Earle has successfully served as CEO/COO of six profitable midsize companies. He developed and raised the initial funding for the SoftVueTM technology for Karmanos Cancer Institute, It is a novel breast cancer detection product now in clinical trials with Delphinus Medical Technologies, Inc.
Mike has close to 40 years of pharmaceutical industry experience that includes R&D, product development, sales & marketing, licensing & acquisitions. He is the President and Chief Operating Officer of Ferndale Pharma Group which comprises companies that specialize in the development, manufacture, marketing, sale and distribution of a wide variety of healthcare products including prescription and over-the counter drug products and medical devices.

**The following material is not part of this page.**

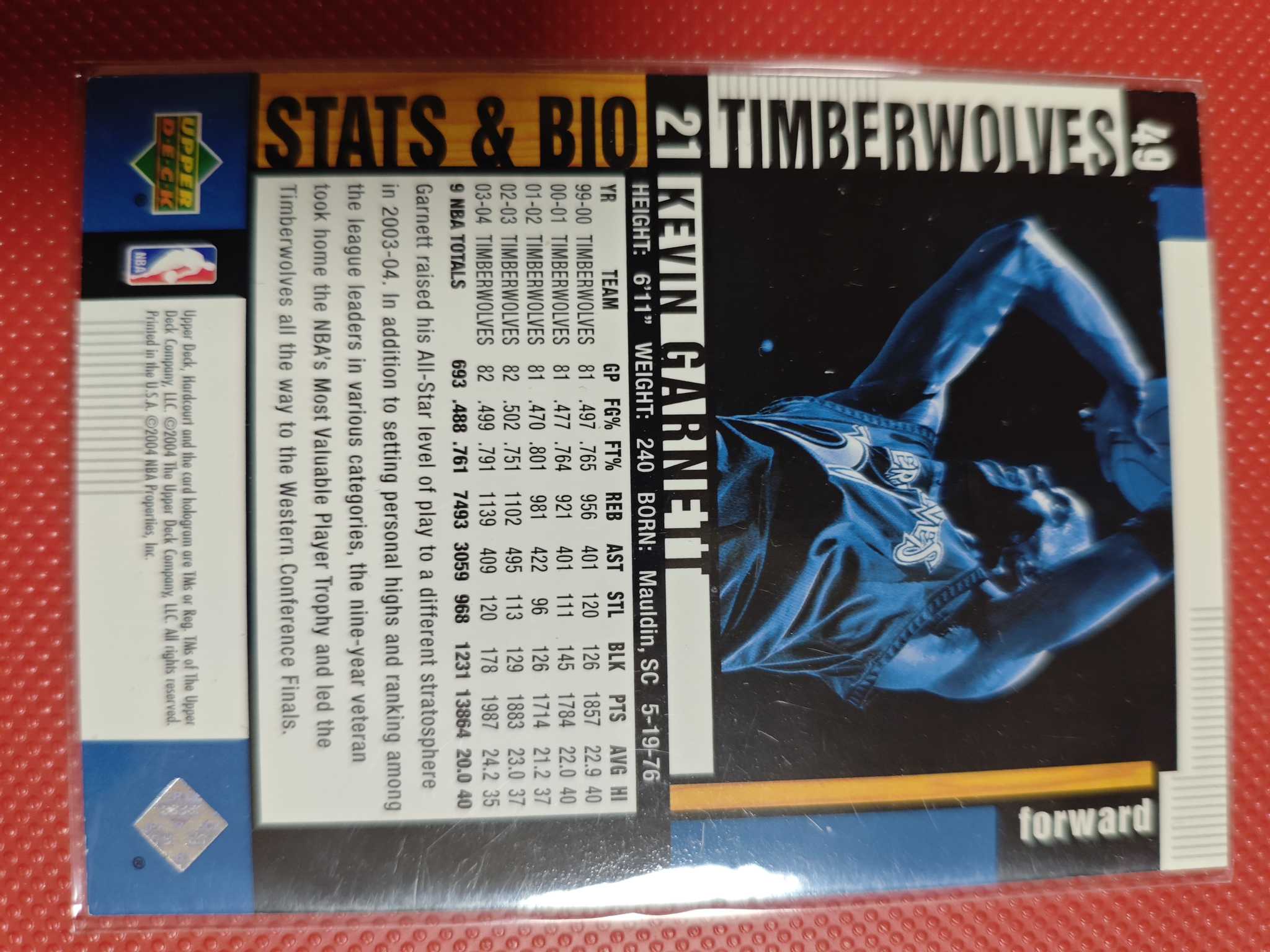 2004-05 Upper Deck Hardcourt Kevin Garnett 狼王凯文加内特木纹特卡!

Ralph is an accomplished pharmacologist and principal inventor of the SciTech drug delivery technology. He presently directs a multi-laboratory program at the NCI-Frederick, NIH, where he manages the effort to create innovative approaches for evaluating and developing new drug compounds. He has worked part-time supporting SciTech’s development, patenting and commercialization activities.
Dr. Al-Katib recently retired as the Director of the Van Elslander Cancer Center at St. John Providence Health where he remains head of the hematology department. He also is a professor at the Wayne State University School of Medicine. He has extensive clinical and management experience in overseeing clinical activities. He is a lymphoma specialist with extensive experience in running clinical trials including some of those for the well-known Michigan startup, ProNAi.
Lou has 20+ years experience in technology commercialization; Principal Advisor (PA) to the Los Angeles Regional Technology Alliance’s (Larta) Life Sciences Technology Group, a PA in the National Institutes of Health and National Science Foundation Commercialization Assistance Programs (NIH CAP & NSF CAP); Founder of MVS Solutions and Kollodis BioSciences.